I am spinning some tonight so I can post pictures of yarn by late evening. 

Laurie gave me a tour of her property and I was able to pet these adorable sheep...they all have names and the bags of fleece state weight, age and name of sheep. 

$10 for a flat price fleece where the sheep was not blanketed nor skirted, raw. You can request a yearling or an adult fleece up to 10 lbs or higher, depending on what she has. The colors are Reds, Browns, Greys, Whites, Cremes, and Moorit plus a great black color! There is work involved but I love this fiber...light, springy and it drafts beautifully! I found it is very easy to card as well. I have a 2 oz bit of Corriedale and it is lighter than that and softer.

$25 will get you again a flat fleece price, you can pick from yearlings to adults and different weights of sheep that were blanketed. These have not been skirted. This will be less work and the fiber length will vary. 

$75 will get you a skirted, cleaned and blanketed fleece done by Lauries talented hands. The weight will vary so please ask her what she has available. 

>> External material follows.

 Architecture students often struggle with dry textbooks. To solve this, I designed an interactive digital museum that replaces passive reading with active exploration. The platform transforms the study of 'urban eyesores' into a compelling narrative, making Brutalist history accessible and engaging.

She is offering a special deal....if you buy a fleece, you may pick a non blanketed fleece of color you may choose that will be alot more work but it will be FREE!!. She is such a sweet caring sheep owner, they are so docile you can pet them. 

Here is her contact info:
Laurie 970-397-seven two four nine. She does best with text messaging as she can get very busy with the farm. They have 75 horses there and as a couple they do the majority of the work themselves plus she works!!!!

Now for the pictures...who doesn't like to see the lambs

















Now for fleece, a lock of the black, it was 4 inches long.

View attachment 47245


The three colors of what I grabbed a bit of, picked a bit and then washed. 

View attachment 47246


It was really easy to card into roving.


----------



## romysbaskets (Aug 29, 2009)

I had some Icelandic on my spindle so the first rows were made of that. Then I added the black, the light brown and then the white. The white is very white, the Icelandic is the one that is not white. Funny, it does not hold it's color true to the roving like the Romeldale does. 

White Romeldale being spun.









Black Romeldale being spun









The skein that really is four colors. 

















I hope no one minds my helping her to get this on here? She was so gracious and kind when I went to her farm to see the fleece. She lives outside of Boulder and just has the need to clear out some fleece inventory.

I just opened a $10 bag and the fleece was beautiful! It had very little VM, lots of fluffy handfuls, a surprise bag! I am having such fun today!


----------



## romysbaskets (Aug 29, 2009)

Heres some of "Willows" longest locks, her coat goes from very white to a soft chocolate color and I measured from 3.5 inches all the way up to 7 inches from the back section! These are from $10 fleeces. 

















Here is "Luckys" black fleece, it measures up to about 4" Below is a pic of washed unpicked fleece and a thin delicate yarn:


----------



## foolsgold (Jun 8, 2013)

Those are beautiful and I really hope I can get some before they are all gone.


----------



## romysbaskets (Aug 29, 2009)

foolsgold said:


> Those are beautiful and I really hope I can get some before they are all gone.


Laurie said she had 150 bags including her free section. You can text her with what you want her to set aside if you need to wait a bit.  As I open mine, I am seeing which sheep I favor for their fiber characteristics. I am really enjoying the fiber from "Willow."


----------



## mkacy (Dec 10, 2008)

do you know if any of the fleeces are still available? its been almost a month
since the first post went up??


----------



## romysbaskets (Aug 29, 2009)

mkacy said:


> do you know if any of the fleeces are still available? its been almost a month
> since the first post went up??


I am sure she does! Simply contact her directly and she can update you on what she has available.


----------



## mkacy (Dec 10, 2008)

Thanks! :thumb:


----------